Broadband and the heart
Ashley, a self-proclaimed “tech geek”, was drawn to medicine as the child of a doctor and a midwife. At 16, he became fascinated with genetics while reading Richard Dawkins’ book The selfish gene.
After completing medical school at the University of Glasgow and a medical residency and doctorate in molecular physiology at the University of Oxford, Ashley came to Stanford in 2002 for a four-year fellowship in cardiovascular medicine.
“While Stanford was a computer mecca, back then, not much was done with high-speed data. I had no idea that coming here would give me such an opportunity to combine my computer personality and my fascination for the heart,” he admits.
The timing couldn’t have been better for the doctor with an interest in computer science and genetics.
“Before the advent of this genome sequencing technology, genetic testing was not particularly relevant for cancer, cardiovascular disease and other diseases responsible for the greatest number of deaths in our society.

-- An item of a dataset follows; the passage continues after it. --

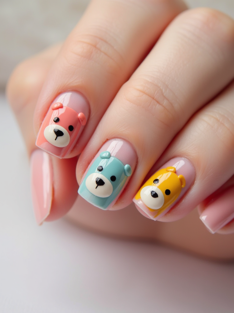 nails with adorable 3D teddy bear art, each nail featuring a different colored bear, soft pastel background, close-up detail shot

But when you sequence a genome, you get information about every disease that exists. The accessibility of this information has had a huge impact on the diagnosis and treatment of the most common diseases in our society, and these are the diseases that the Department of Medicine deals with,” he explains.

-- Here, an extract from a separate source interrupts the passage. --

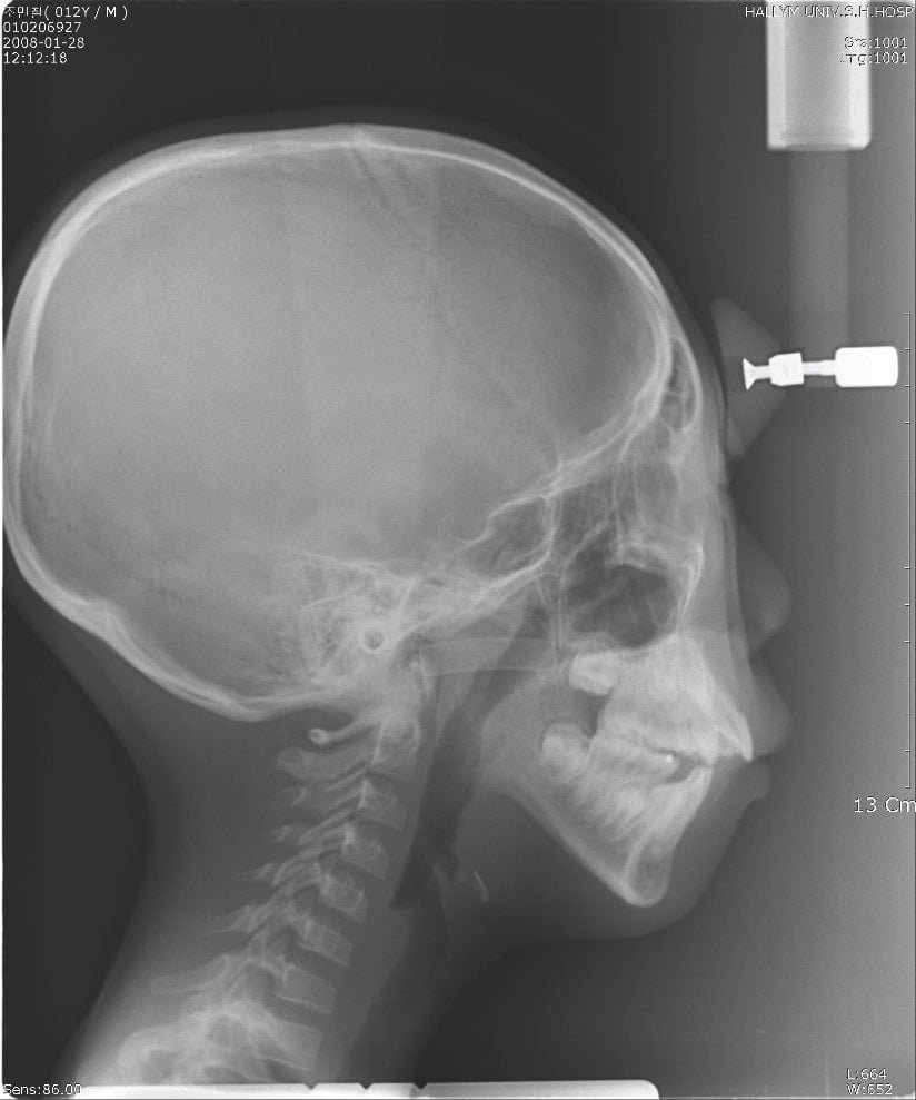 일단 턱이 작아 보이는 경우는 2가지의 경우가 있습니다. 첫번째는 아래턱은 정상인데 상대적으로 위턱이 나와서 아래턱이 작아 보이는 경우입니다. 두번째는 실제적으로 아래턱 자체가 작은 경우가 있습니다. 위의 두가지 경우 모두 II급 부정교합으로 분류되며 치료시기는 아이들의 최대 성장기입니다 <사진3>. 최대성장기는 한국 남자아이들 같은 경우 평균 만 10.5세이고 여자아이들의 경우는 평균 9세입니다. 최대성장기에 치료가 들어가는 이유는 치료기간을 짧게 그리고 효과적으로 하기 위함입니다. 아이들은 성장을 계속 하고 있기 때문에 발견 즉시 치료를 들어가면 더욱 효과가 좋을 수 있지만 전체 치료 기간은 길어질 수밖에 없으며, 비용도 많이 들고 또한 아이들도 지쳐서 동기부여가 안되기 때문에 최대성장기까지 기다렸다가 치료를 하는 것이 효율적입니다. 아이들마다 최대성장기는 다르기 때문에 정확한 최대성장기를 측정하기 위해서는 치과에 내원하셔서 X-ray 손목사진을 찍고 성장 판 분석을 해봐야 합니다.

Among many colleagues, Ashley cites two from the Department of Medicine who have been particularly important to her work in genomics. Matthew Wheeler, MD, an assistant professor of cardiovascular medicine, is Ashley’s “right hand” at the Center for Undiagnosed Diseases. Wheeler is another principal investigator and serves as the center’s operational chief.
Jason Hom, MD, clinical associate professor of internal medicine, also plays a major role at the center. “Of course, our team is diverse and we have experts in genomics, bioinformatics, genetic counseling, etc. We also have a doctor who sees most of the adult patients in the clinic, and Jason is that primary doctor,” says Ashley.